Sep 062010

I spent a weekend in London with some old friends. They were actually identical twins. The one whom I knew the best was all out of sorts, as if I barely knew him at all. It didn’t take too much time though until he admitted what bothering him. A woman he had slept with had gotten pregnant and had an abortion. After it had happened, and then after he found out, he was beside himself. He spent hours on the internet, poring over the anti-choice propaganda. He was convinced that he was going to hell, and you know, I think he was right, only because I saw him putting himself through hell. I spent the week I had with them cleaning, putting out flowers in his kitchen and trying to do the same kind of makeover to his heart and mind. I had my brother, also the unborn father of an ex-girlfriend’s baby, call him from New York and try to comfort him.

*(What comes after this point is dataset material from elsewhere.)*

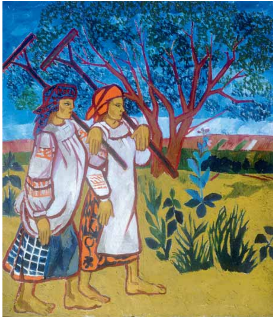
Н.С. ГОНЧАРОВА Бобы с граблями. 1907 Холст, масло 117 × 102

I left my friend’s house early, if not for the awkward situation with him but also because his housemate was a little bit too friendly. I missed my college boyfriend (of almost two years) and wanted to get home to see him. And see him I did. Less than one week after I went through the trauma with my friend in London, I myself got pregnant and found myself in the same situation.

It was a few weeks later when I realized what was happening to me. I was not surprised when the home pregnancy test was positive. I just knew. I also just knew that it was not time for me to give birth to a child. After my experience in London, the right choice seemed pretty clear to me, and I wasn’t going to punish myself for making it. My best friend, after awkwardly trying to calm me by saying “Oh, well its been awhile since anything bad happened to you,” took me to Planned Parenthood and we learned how to set up the appointment. I think it was just four days later, a full week after I figured it out, that I showed up at Planned Parenthood with my mother.

The waiting room was a testimony to society’s ills. Lack of education, experience, honesty, openness. It was also a testimony to relationship, support, conscientiousness, and love. No one was alone, and despite the various levels of tension, everyone was in full consciousness of their place in relationship to life and the rest of the world. And we all took our turns.

And it was quick and it was only slightly uncomfortable. The most uncomfortable moment was when my boyfriend questioned whether it was his or not. That part really killed me. And for a couple years afterward I imagined how old the baby would be at any given time. I had a few dreams with her in it. I always imagined it was a girl. I am sorry that I’m not ready for children yet. But I know it will be better once I am ready.

In the last couple years though, I haven’t thought about it from the point of questioning my action. I think about it only as far as what people would think of me if they knew, or why women can’t talk about such an unfortunate situation. Its not that it is a good thing or a bad thing, its an unfortunate situation, and no one should have to be polarized on this issue. We should be able to make decisions for ourselves, and celebrate and grieve those decisions, and be cherished as existing pieces of the world community.

Someday I’ll enter the political realm, I’m thinking, and someone will look up my credit card record, and they’ll see I gave a specific sum to Planned Parenthood. Then I will have to stand up publicly, outside of the rally crowd and say yes, this is what I did. Until then I fight for the right for women to determine what is best for themselves in the general universal sense.

I had an abortion. It was the best decision for me, and while I have grieved for this, I have never regretted it and I’m not sorry. You don’t have to be sorry either.